In addition to transporter proteins, the expression of several regulators of transporter functions is altered in ΔndbC. While CmpR inducing BCT1 expression (Nishimura et al., 2008; Daley et al., 2012) was not affected (Supplemental Table S5), the Sll0822 protein, which functions as a supplementary inducer of the Cmp operon (Orf et al., 2016), was down-regulated in ΔndbC, as was already mentioned above (Table III). Thus, the up-regulation of the Cmp operon in ΔndbC was not caused by known regulating mechanisms. The regulators of the nitrogen assimilation genes PII and PipX (Llácer et al., 2010; Espinosa et al., 2014; for review, see Forchhammer, 2004) were reduced in the ΔndbC mutant (Table III), while the global nitrogen regulator NtcA remained unchanged (Supplemental Table S5). Decreased amounts of PII and PipX, which promote the deactivation of NtcA (Luque et al., 2004), as well as down-regulation of Sll0822, also an inducer of nitrogen transport (Ishii and Hihara, 2008; Yamauchi et al., 2011), could cause the low accumulation of nitrogen transporters induced by the NdbC deletion, particularly in LC. Thus, in LC conditions, the deletion of NdbC disrupts the normal behavior of multiple transport systems, mainly of ABC-type transporters located in the PM.

Cross Talk between NdbC and the NDH-1 Complex: Low ATP Production from Sugar Catabolism in ΔndbC Is Compensated by CET

Cyanobacteria can incorporate inorganic carbon (C_i) in the form of CO₂ utilizing the low-CO₂-inducible high-affinity NDH-1₃ complex and the constitutively expressed low-affinity NDH-1₄ complex (for review, see Battchikova et al., 2011). MIMS measurements revealed that the fast phase of CO₂ uptake was decreased in the ΔndbC mutant in LC (Table II). The proteomic results did not indicate changes in the expression of specific subunits of NDH-1₃ in the ΔndbC mutant in LC (Table III). In contrast, NdhF4 and CupB, specific subunits of NDH-1₄, were coordinately down-regulated in ΔndbC compared with the wild type in LC (Table III), being in line with MIMS results. To get insights into the connection between the NdbC deletion and the expression of NDH-1₄, we performed a western-blot analysis of several mutants lacking specific subunits of distinct NDH-1 variants using the NdbC-specific antibody (Fig. 5B). Remarkably, NdbC was severely down-regulated in the M55 strain, indicating some cross talk between this protein and NDH-1. However, it is important to note that the amount of NdbC in the ΔndhD4 mutant (and in ΔndhD3/D4) was comparable with that in the wild type.

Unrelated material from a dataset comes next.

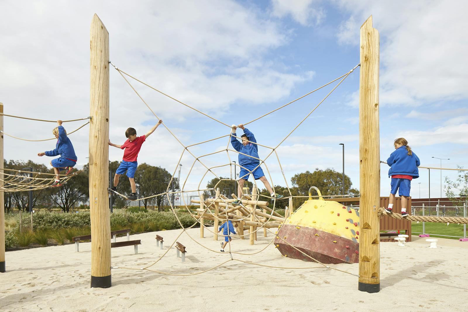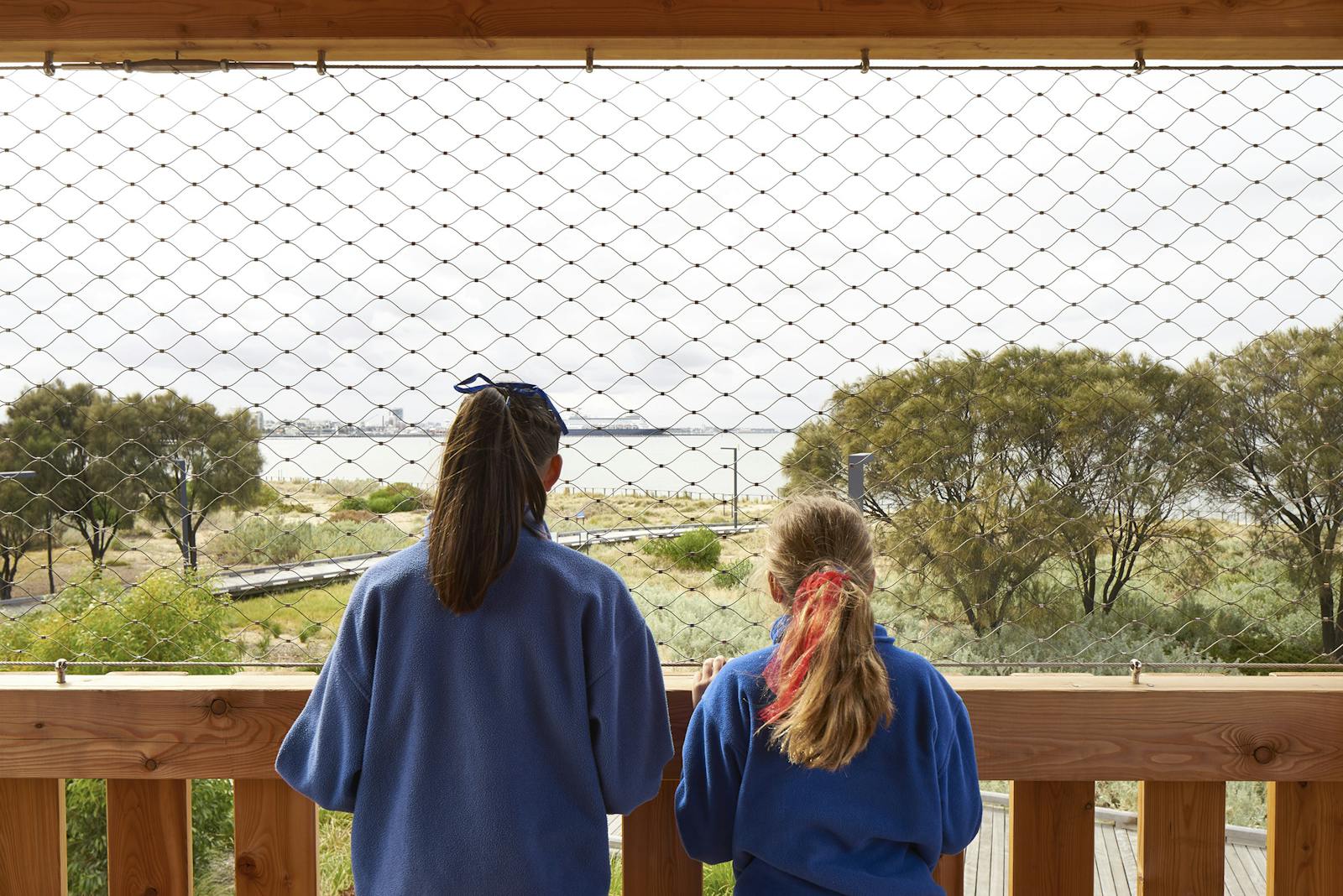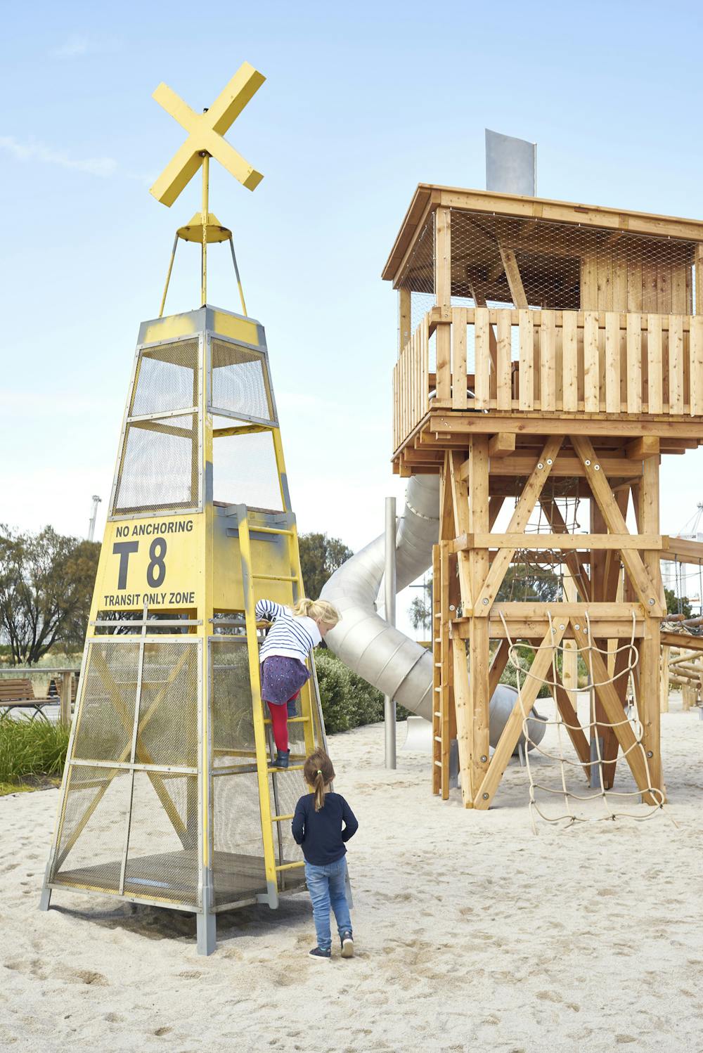 The playspace design is integrated into the dynamic landscape and network of existing timber boardwalks, maximising use while retaining valuable fairy wren habitat. The design enhances the site’s context, with play elements offering views across both the bay and port. It combines decommissioned and re-purposed maritime objects – including mooring buoys and channel markers – capturing the site’s maritime and industrial history.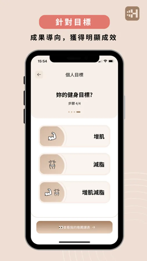 HerFIT 客製化給妳的運動計畫,依照運動經驗、地點以及個人目標推薦,可以靈活地融入你的生活,’ 幫助妳達成特定訓練成果

Thus, NdbC is involved in the accumulation of NDH-1₄, but not the other way around. Most probably, NdbC affects NDH-1₄ indirectly, since they are located in different membrane compartments (Liberton et al., 2016).

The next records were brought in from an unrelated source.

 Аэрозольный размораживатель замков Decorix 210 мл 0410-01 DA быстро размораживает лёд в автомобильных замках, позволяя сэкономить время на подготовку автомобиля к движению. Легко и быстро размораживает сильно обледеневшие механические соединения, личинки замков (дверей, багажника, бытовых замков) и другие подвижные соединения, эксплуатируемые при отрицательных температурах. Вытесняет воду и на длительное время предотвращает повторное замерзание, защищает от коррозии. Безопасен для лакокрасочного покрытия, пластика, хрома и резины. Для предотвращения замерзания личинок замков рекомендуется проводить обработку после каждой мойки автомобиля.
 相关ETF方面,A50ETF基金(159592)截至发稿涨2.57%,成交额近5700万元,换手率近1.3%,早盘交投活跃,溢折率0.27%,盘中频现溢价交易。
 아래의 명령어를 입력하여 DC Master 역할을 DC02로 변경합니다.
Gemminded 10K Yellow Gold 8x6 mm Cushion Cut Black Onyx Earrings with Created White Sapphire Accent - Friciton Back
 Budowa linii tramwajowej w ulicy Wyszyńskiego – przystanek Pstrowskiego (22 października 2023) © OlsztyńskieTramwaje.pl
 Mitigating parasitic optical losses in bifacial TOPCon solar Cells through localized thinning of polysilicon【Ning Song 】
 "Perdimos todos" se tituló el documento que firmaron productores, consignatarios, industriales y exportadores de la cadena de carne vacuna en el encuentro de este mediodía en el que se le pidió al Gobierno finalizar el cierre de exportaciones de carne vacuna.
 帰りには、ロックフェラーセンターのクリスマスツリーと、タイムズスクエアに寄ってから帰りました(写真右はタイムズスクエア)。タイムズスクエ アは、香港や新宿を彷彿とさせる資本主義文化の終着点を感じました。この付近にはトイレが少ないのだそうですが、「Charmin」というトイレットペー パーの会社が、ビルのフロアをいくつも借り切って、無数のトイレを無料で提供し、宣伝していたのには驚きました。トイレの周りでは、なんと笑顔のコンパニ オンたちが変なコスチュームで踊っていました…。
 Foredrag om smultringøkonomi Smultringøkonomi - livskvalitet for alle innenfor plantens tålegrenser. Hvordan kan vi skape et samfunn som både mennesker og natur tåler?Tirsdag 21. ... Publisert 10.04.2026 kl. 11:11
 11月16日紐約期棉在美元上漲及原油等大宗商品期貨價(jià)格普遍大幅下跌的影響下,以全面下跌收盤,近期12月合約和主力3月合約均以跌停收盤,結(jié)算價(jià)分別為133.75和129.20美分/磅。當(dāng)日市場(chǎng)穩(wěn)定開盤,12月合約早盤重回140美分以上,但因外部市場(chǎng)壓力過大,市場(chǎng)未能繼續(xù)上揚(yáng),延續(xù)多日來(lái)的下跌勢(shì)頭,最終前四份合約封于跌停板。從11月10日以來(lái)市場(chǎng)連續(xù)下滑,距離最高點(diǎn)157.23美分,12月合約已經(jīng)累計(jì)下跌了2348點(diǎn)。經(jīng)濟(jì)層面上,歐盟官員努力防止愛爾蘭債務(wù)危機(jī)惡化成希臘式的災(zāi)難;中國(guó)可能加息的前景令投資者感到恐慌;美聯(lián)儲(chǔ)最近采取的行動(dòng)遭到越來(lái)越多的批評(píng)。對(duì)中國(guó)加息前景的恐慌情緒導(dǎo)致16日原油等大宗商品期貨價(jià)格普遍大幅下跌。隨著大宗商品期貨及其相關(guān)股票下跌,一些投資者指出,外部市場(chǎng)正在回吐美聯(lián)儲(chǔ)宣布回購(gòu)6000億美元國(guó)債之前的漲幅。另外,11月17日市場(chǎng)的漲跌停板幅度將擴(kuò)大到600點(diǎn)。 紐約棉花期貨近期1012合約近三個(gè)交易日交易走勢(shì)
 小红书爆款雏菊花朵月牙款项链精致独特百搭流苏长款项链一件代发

In the ΔndbC mutant, CET around PSI was clearly elevated, as deduced from the high amplitude of F₀ rise (Fig. 4D; Mi et al., 1992a; Holland et al., 2015) and from slower oxidation and faster rereduction kinetics of P700 (Fig. 4C; Mi et al., 1992b; Fan et al., 2007). Proteomic analysis revealed that two variants of the NDH-1 complex, NDH-1₁ and NDH-1₂, which are involved in CET (Mi et al., 1992a), demonstrate different responses to NdbC deletion. NDH-1₁ was not affected, according to the levels of NdhD1 specific for this complex (Supplemental Table S6). In contrast, marked up-regulation was observed for NdhD2 (Table III), the specific subunit of NDH-1₂. The latter complex is present in Synechocystis cells in much smaller amounts than NDH-1₁ (Herranen et al., 2004), but, despite a low abundance, NDH-1₂ that accumulated in the ΔndbC mutant contributed to the significant increase in CET (Fig. 4, C and D). Western-blot analysis demonstrated that, in the ΔndhD2 mutant (and in ΔndhD1/D2), the NdbC amount was clearly lower compared with the wild type (Fig. 5B). Thus, NdbC and NDH-1₂ affect each other, in contrast to NDH-1₄.

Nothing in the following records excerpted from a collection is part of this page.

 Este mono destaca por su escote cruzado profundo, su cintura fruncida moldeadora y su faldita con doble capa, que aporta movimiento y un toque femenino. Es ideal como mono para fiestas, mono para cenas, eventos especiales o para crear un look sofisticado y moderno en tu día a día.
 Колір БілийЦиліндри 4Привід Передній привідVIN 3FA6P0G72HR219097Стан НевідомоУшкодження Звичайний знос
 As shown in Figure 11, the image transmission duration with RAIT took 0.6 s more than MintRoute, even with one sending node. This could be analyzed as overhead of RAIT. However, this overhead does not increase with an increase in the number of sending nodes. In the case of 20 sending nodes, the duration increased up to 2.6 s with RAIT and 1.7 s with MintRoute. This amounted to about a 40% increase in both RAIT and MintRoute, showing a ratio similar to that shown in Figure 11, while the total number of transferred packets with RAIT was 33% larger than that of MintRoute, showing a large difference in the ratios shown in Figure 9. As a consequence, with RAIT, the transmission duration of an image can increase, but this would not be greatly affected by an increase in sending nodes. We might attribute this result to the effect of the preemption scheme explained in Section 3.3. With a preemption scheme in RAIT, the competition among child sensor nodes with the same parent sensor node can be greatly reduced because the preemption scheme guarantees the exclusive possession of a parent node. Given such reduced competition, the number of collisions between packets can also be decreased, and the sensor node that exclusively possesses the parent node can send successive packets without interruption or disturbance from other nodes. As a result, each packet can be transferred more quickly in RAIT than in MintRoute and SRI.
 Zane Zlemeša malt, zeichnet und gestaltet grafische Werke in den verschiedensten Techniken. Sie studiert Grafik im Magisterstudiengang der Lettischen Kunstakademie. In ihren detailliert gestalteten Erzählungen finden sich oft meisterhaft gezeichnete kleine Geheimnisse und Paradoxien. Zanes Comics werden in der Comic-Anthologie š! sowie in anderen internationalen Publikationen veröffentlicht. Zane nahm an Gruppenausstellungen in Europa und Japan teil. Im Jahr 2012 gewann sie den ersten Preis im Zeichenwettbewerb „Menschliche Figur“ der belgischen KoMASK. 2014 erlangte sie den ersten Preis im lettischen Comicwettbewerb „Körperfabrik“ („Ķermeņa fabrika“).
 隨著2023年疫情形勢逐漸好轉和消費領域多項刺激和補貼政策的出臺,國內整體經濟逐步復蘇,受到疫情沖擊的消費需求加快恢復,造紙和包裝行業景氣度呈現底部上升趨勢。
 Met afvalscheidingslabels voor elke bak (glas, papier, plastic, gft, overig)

Furthermore, according to western-blot analysis, FNR_s was up-regulated in ΔndbC (Fig. 5A). This form of FNR oxidizes NADPH and accumulates in heterotrophic conditions, possibly enhancing CET by transferring electrons via ferredoxin to NDH-1 (Thomas et al., 2006; Korn, 2010). The elevated CET in the mutant was accompanied by an increase of the Cyt b₆f complex (PetA,B,C,D; Table III). Enhanced CET and the corresponding increase in ATP production can compensate for lower ATP yield from glycolytic reactions in the mutant. In addition, the up-regulation of oxygen photoreduction (Table II), operated by the increased Flv1 and Flv3 proteins (Table III), possibly contributes to ATP production via a functional water-water cycle and increases the photoprotection of photosynthetic protein complexes, especially PSI (Allahverdiyeva et al., 2015).

Even though the carbon catabolic reactions were distorted due to the deletion of NdbC, photosynthesis in general was not compromised dramatically either in LC or in HC; no significant difference was detected in F_v/F_m, in P_m, or in Y(I) between the wild type and ΔndbC (Fig. 4B; Supplemental Table S1). However, both the gross and net oxygen evolution (Table II), as well as Y(II) (Fig. 4A), of ΔndbC were somewhat lower compared with the wild type, demonstrating excess electron pressure downstream of PSII, which is in agreement with elevated CET. Cooley and Vermaas (2011) showed that the PQ pool of Synechocystis deficient of all three NDH-2s (ΔndbABC) was more oxidized during illumination, which is contrary to the redox status of the PQ pool in ΔndbC. Thus, we cannot exclude the possibility that the redox state of the NADH pool (by NDH-2) and the NADPH pool (via NDH-1) can influence each other, at least in the case of ΔndbC.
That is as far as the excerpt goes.